• **WORK ITEM**
For this exercise, reproduce only the lines from the one holding "Omnitex Premium Rinse" through the final line of the data below, exactly, and omit pictures.
AVAILABLE DATA: Begin
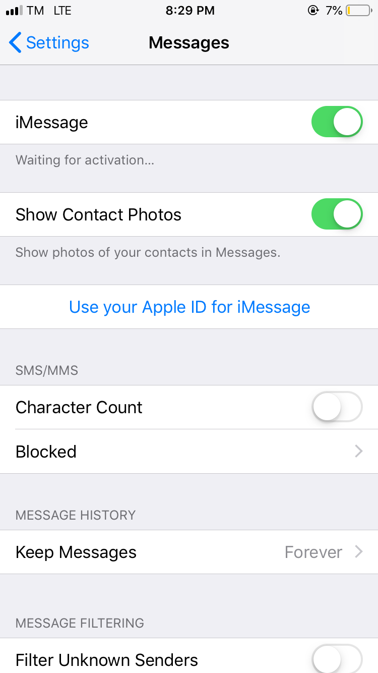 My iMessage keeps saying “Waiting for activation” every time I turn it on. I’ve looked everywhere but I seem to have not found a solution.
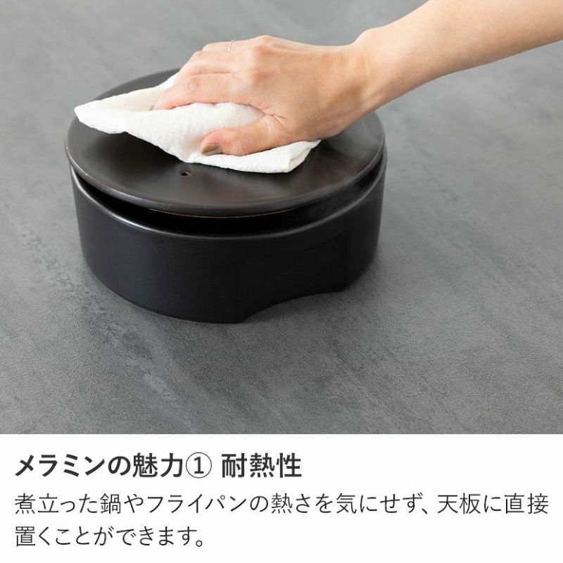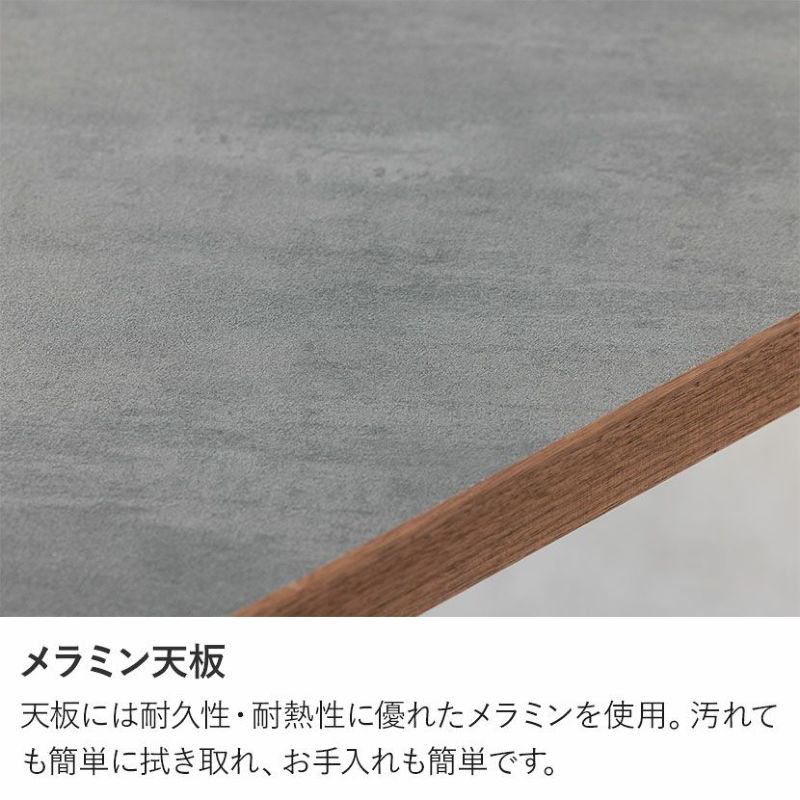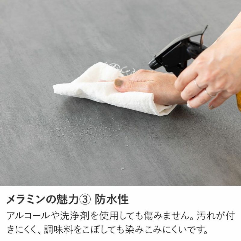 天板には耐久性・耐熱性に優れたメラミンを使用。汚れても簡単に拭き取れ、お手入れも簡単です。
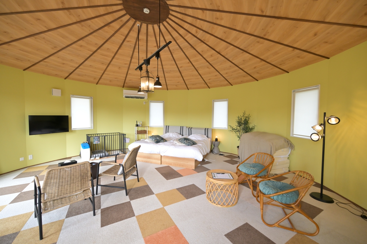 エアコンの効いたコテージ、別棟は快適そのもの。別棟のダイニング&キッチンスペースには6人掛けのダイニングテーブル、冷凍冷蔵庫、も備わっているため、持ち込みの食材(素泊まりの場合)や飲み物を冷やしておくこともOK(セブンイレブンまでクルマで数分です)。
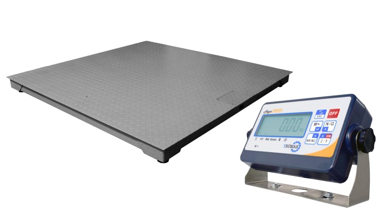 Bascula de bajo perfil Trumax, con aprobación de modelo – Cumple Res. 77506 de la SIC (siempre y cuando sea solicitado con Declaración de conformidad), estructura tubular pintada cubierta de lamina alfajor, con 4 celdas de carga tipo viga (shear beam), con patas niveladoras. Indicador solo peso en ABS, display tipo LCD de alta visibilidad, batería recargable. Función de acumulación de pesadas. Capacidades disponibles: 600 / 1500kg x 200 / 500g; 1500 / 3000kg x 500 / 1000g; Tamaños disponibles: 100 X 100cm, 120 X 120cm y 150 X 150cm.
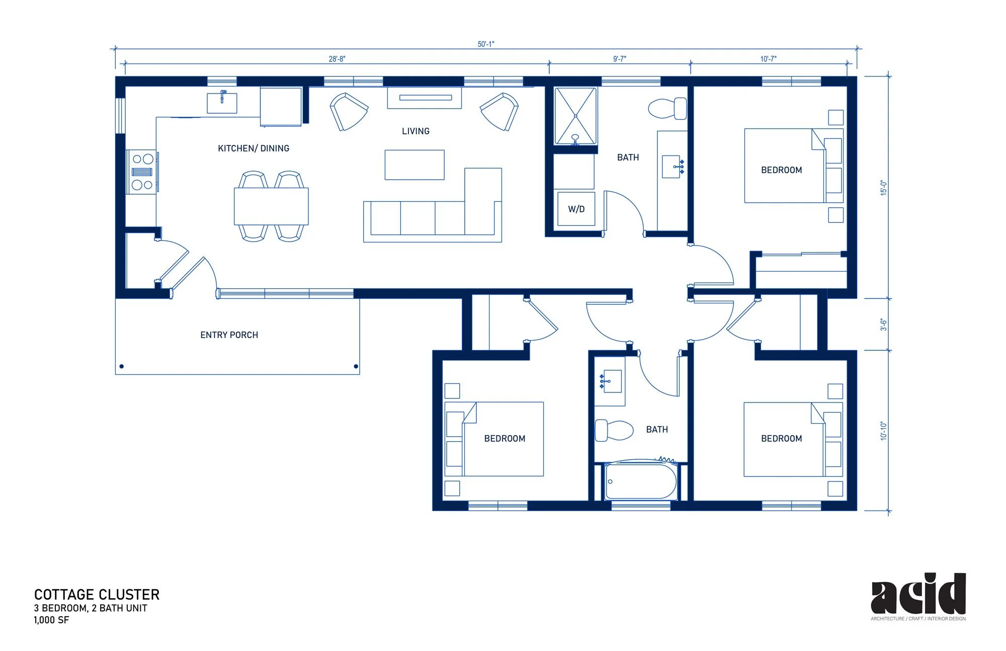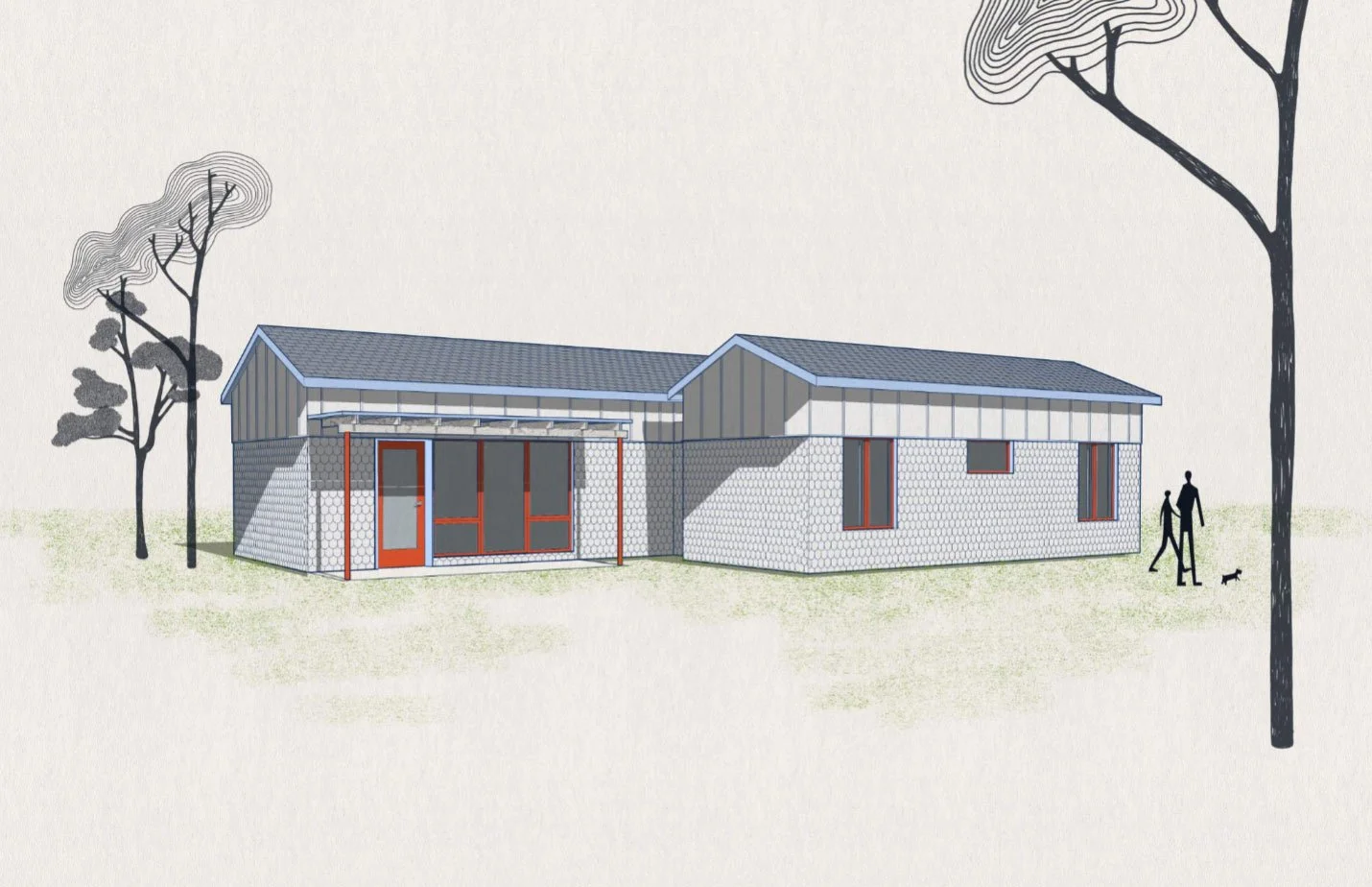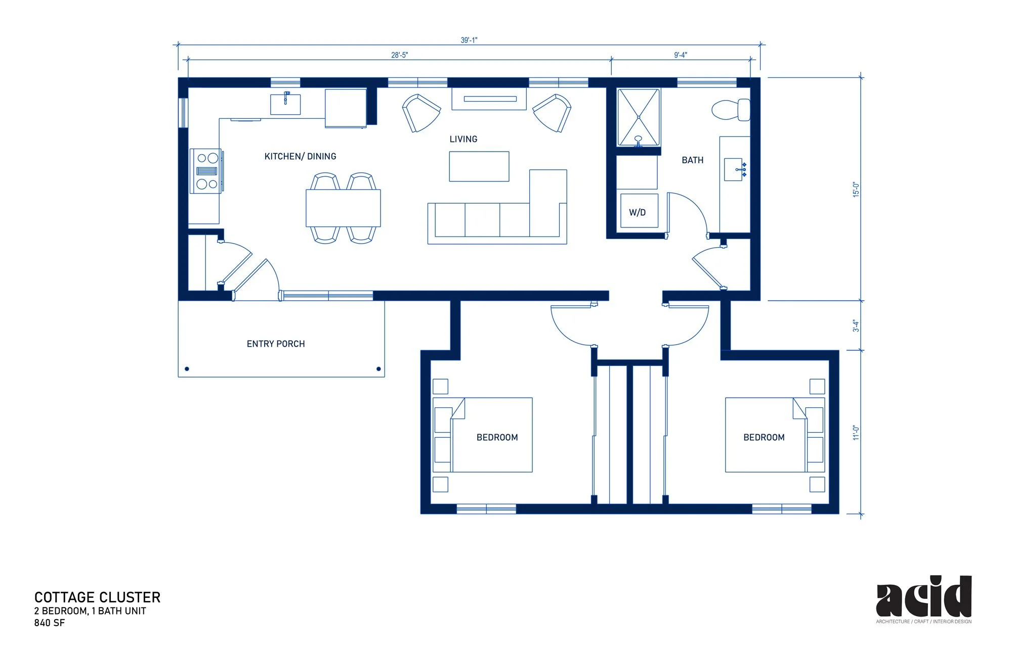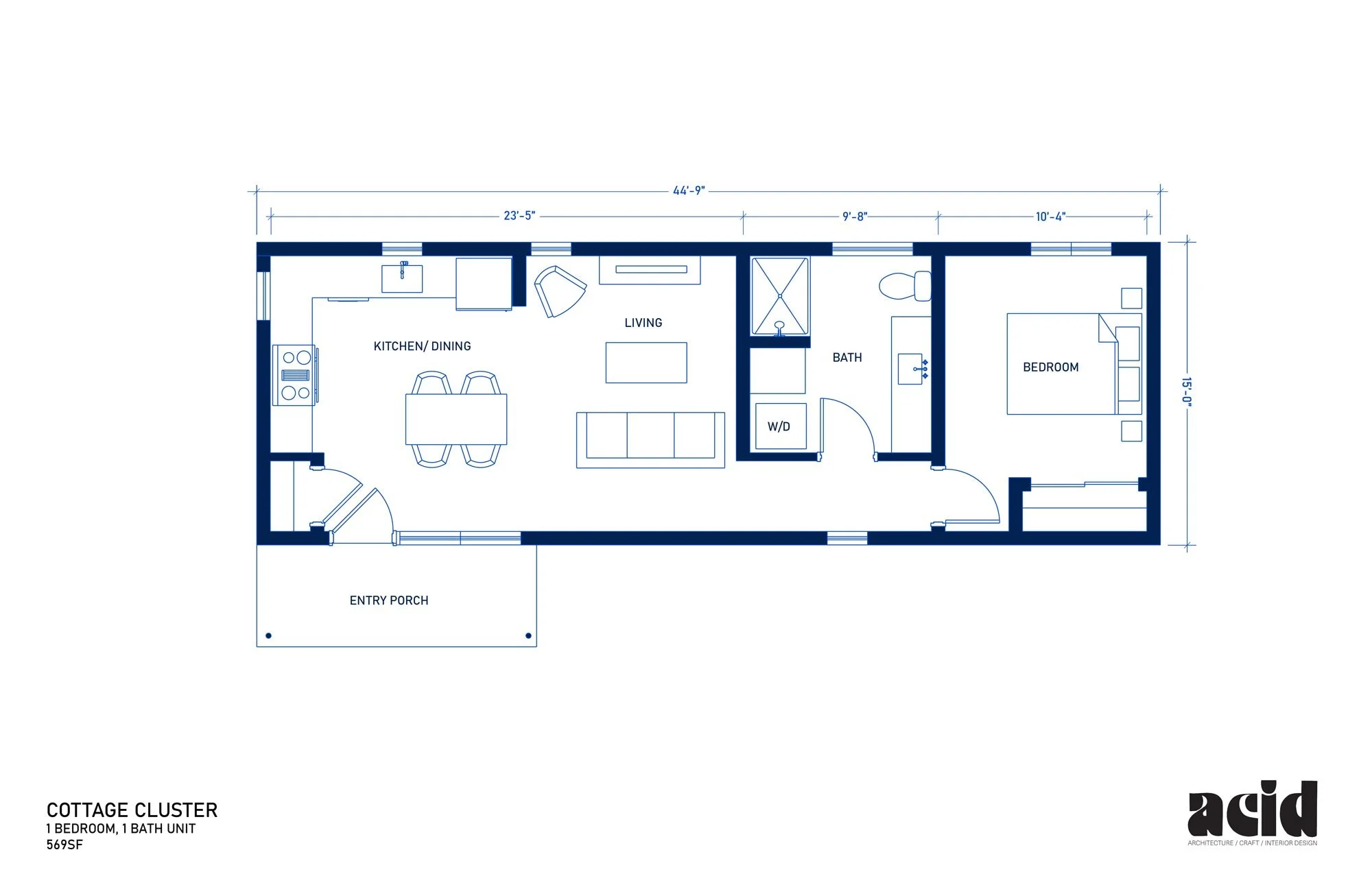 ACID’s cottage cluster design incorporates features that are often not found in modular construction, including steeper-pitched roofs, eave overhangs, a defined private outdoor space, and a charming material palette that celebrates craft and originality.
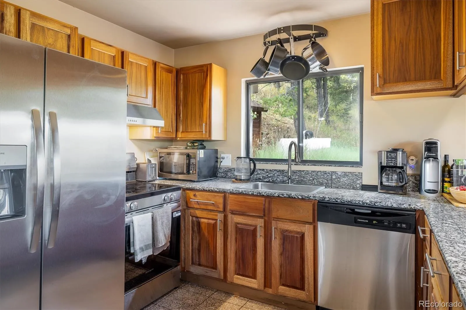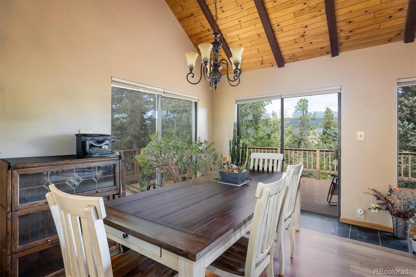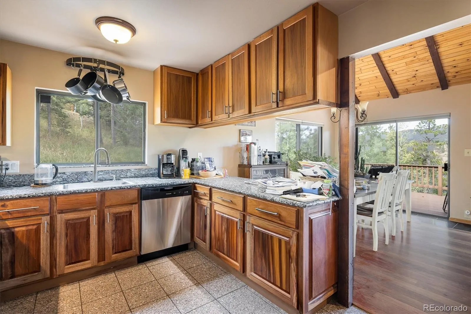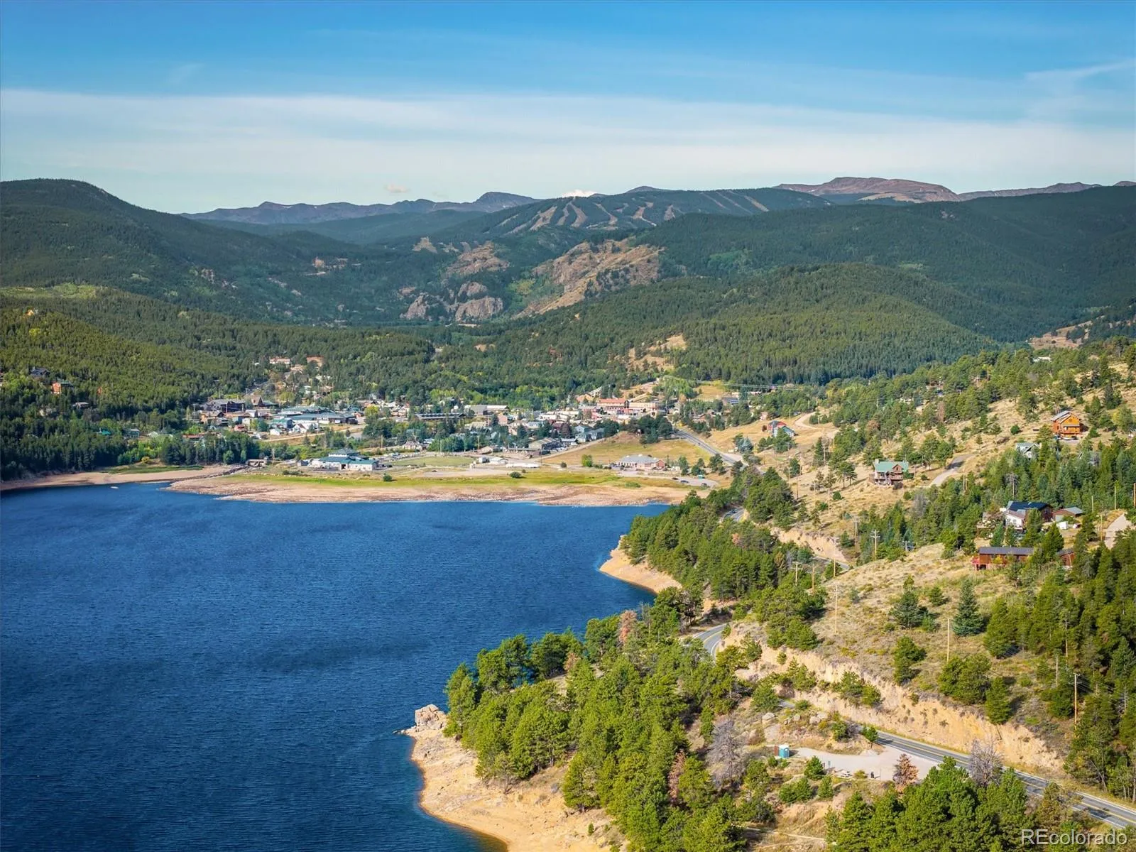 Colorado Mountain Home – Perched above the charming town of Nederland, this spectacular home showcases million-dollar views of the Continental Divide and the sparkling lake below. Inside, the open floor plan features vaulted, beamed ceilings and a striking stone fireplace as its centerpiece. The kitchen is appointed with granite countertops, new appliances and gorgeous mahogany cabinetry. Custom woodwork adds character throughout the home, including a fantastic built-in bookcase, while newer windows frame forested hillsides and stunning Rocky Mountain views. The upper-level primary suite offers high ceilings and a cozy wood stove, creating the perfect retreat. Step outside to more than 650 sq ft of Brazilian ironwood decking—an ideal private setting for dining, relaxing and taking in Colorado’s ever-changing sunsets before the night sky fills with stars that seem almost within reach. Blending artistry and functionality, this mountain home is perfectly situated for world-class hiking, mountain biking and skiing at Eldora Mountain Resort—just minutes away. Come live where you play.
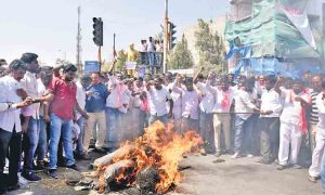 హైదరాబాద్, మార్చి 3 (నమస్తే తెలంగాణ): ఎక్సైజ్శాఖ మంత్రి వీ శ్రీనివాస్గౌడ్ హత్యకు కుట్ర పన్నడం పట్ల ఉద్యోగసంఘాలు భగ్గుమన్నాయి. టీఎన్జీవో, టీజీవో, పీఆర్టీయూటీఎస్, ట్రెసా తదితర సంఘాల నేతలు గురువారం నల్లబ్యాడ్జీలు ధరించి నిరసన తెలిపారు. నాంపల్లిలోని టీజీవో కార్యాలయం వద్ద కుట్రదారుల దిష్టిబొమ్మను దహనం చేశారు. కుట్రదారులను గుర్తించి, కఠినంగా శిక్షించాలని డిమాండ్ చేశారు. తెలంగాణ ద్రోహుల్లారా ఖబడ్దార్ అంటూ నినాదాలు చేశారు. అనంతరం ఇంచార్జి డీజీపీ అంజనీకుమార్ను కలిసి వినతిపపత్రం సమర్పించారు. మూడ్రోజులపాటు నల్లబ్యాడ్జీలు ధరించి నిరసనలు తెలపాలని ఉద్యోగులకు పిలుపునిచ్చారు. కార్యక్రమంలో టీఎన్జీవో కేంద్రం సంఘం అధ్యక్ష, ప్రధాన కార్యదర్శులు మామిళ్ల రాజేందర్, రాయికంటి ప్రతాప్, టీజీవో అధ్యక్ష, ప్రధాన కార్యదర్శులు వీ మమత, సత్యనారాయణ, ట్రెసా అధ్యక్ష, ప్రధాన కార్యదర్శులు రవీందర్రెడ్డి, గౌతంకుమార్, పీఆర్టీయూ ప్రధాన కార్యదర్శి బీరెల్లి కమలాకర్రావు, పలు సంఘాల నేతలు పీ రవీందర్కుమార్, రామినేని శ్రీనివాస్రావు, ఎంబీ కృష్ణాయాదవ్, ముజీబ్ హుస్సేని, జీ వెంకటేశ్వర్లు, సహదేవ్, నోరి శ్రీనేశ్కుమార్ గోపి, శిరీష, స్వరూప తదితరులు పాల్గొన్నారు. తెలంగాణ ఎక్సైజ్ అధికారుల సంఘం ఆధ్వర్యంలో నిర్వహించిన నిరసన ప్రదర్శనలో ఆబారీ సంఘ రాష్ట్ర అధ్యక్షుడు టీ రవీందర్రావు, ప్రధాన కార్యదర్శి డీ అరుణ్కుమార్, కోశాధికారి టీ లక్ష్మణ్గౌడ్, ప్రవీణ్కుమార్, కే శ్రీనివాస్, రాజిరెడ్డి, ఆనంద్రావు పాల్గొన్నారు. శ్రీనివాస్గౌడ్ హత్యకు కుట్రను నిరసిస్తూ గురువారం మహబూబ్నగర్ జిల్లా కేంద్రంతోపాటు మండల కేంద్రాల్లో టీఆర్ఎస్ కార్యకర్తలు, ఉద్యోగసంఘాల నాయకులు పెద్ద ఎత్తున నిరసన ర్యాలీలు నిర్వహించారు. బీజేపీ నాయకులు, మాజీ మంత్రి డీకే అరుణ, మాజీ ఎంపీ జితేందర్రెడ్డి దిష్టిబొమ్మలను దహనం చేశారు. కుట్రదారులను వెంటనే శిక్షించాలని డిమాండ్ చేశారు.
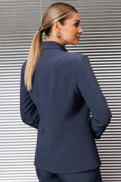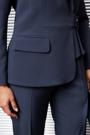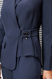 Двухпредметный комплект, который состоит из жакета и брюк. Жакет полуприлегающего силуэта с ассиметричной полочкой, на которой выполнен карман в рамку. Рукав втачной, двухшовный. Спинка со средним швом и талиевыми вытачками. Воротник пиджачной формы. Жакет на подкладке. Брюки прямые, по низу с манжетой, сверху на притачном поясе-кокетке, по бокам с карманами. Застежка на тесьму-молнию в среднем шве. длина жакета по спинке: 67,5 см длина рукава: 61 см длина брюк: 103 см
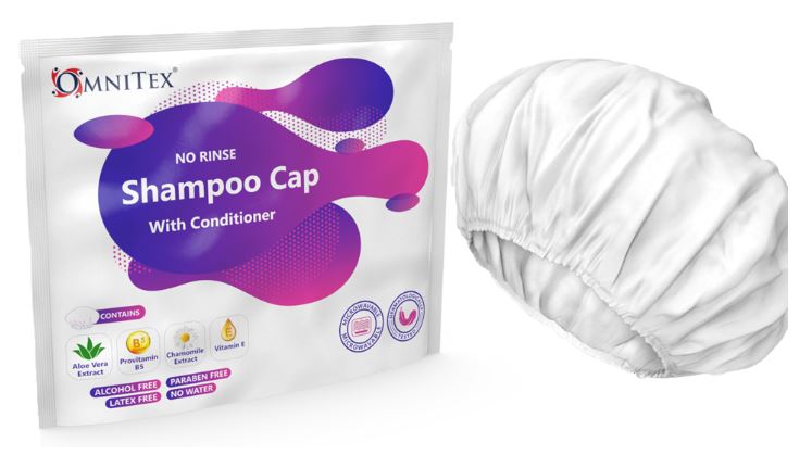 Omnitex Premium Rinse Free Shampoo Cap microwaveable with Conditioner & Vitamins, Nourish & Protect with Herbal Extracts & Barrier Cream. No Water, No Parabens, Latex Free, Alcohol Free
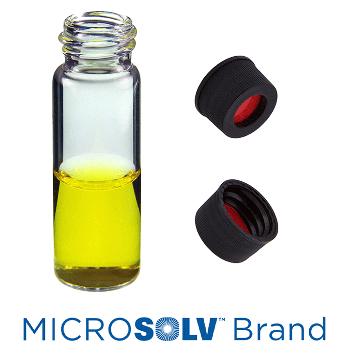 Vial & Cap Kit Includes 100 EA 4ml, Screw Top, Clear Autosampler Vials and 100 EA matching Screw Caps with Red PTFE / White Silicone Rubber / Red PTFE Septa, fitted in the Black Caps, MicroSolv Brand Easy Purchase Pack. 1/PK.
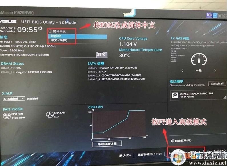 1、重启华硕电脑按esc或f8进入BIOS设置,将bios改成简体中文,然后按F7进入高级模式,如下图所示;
AVAILABLE DATA: End
• **ANSWER SPACE**
 Omnitex Premium Rinse Free Shampoo Cap microwaveable with Conditioner & Vitamins, Nourish & Protect with Herbal Extracts & Barrier Cream. No Water, No Parabens, Latex Free, Alcohol Free
 Vial & Cap Kit Includes 100 EA 4ml, Screw Top, Clear Autosampler Vials and 100 EA matching Screw Caps with Red PTFE / White Silicone Rubber / Red PTFE Septa, fitted in the Black Caps, MicroSolv Brand Easy Purchase Pack. 1/PK.
 1、重启华硕电脑按esc或f8进入BIOS设置,将bios改成简体中文,然后按F7进入高级模式,如下图所示;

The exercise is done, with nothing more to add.